'In this way I shall preserve many things that would otherwise be lost in oblivion. I shall find daily employment for myself, which will save me from indolence and help to keep off the spleen, and I shall lay up a store of entertainment for my after life.'

For James Boswell posts please follow the labels on the right.

This blog mainly contains reviews from the Edinburgh Festivals from 2008 to 2010 which I wrote for the Edinburgh Festivals Magazine. These reviews cover everything from comedy to contemporary dance; children's theatre to Handel.

Sunday, 23 October 2011

Elizabeth & Raleigh Review

Elizabeth & Raleigh

Edinburgh is famous for its history and comedy; Elizabeth and Raleigh provides both in a medley of cross-dressing, singing, and slideshows. At first we are welcomed by Sir Walter Raleigh (Miles Jupp), promoter of those two bastions of civilization; the potato and smoking. Raleigh’s opening monologue provides a brief overview of personal triumphs (through that quintessentially medieval medium of slideshow) and his plan to woo the ‘virgin’ queen and gain her hand in marriage. This falters at times and Jupp’s failed attempts at razor sharp delivery have little to fall back on in what amounts to a performance lacking energy and vivacity.

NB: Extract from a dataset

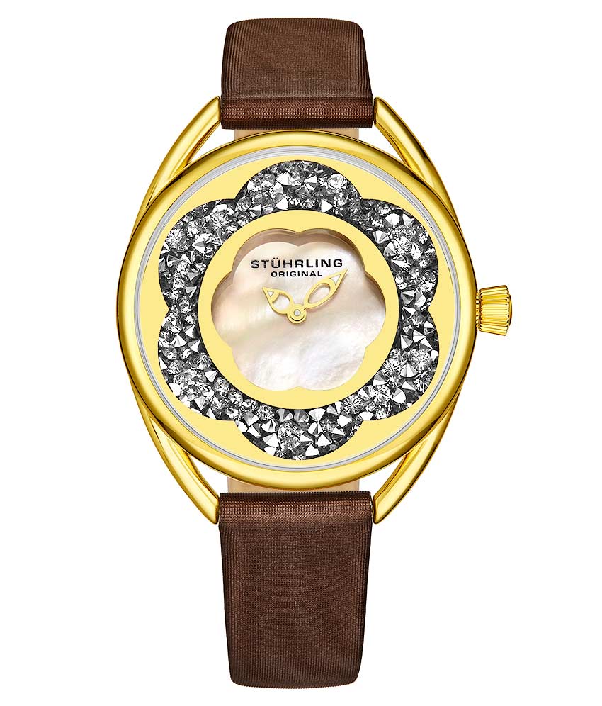 - החוגה הפנימית של אם הפנינה מוקפת בגזרת דפוס פרחים מלאה בקריסטלים, היוצרות תצוגה מיוחדת במינה.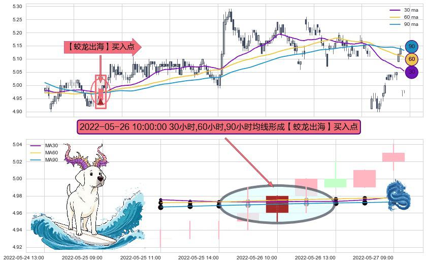 ⚀ 2022-05-26 10:00:00小时显现 30小时-60小时-90小时均线 【蛟龙出海】买入点 看多信号,后市看涨,买入

Elizabeth (Simon Munnery) enters and the pace swiftly picks up; any member of the audience not from Englandshire being verbally attacked in the process. ‘To the Italians I say this: Rome wasn’t built in a day; it could have been if you talked less with your arms.’ Funny at first, this predictable stereotyping soon becomes tired and strikes of a laziness in the writing. Indeed much of the play conjures up images of a public school-boy humour complete with the cross dressing, crude sexual jokes and xenophobia mixed in with glimmers of wit and intelligence. The cavorting tone is also severed by an ending which becomes bizarrely serious. Surely this isn’t actually meant to be a comment on Elizabeth’s failure to conceive a child? The audience are thus left to file out baffled in what amounts to a very mediocre performance.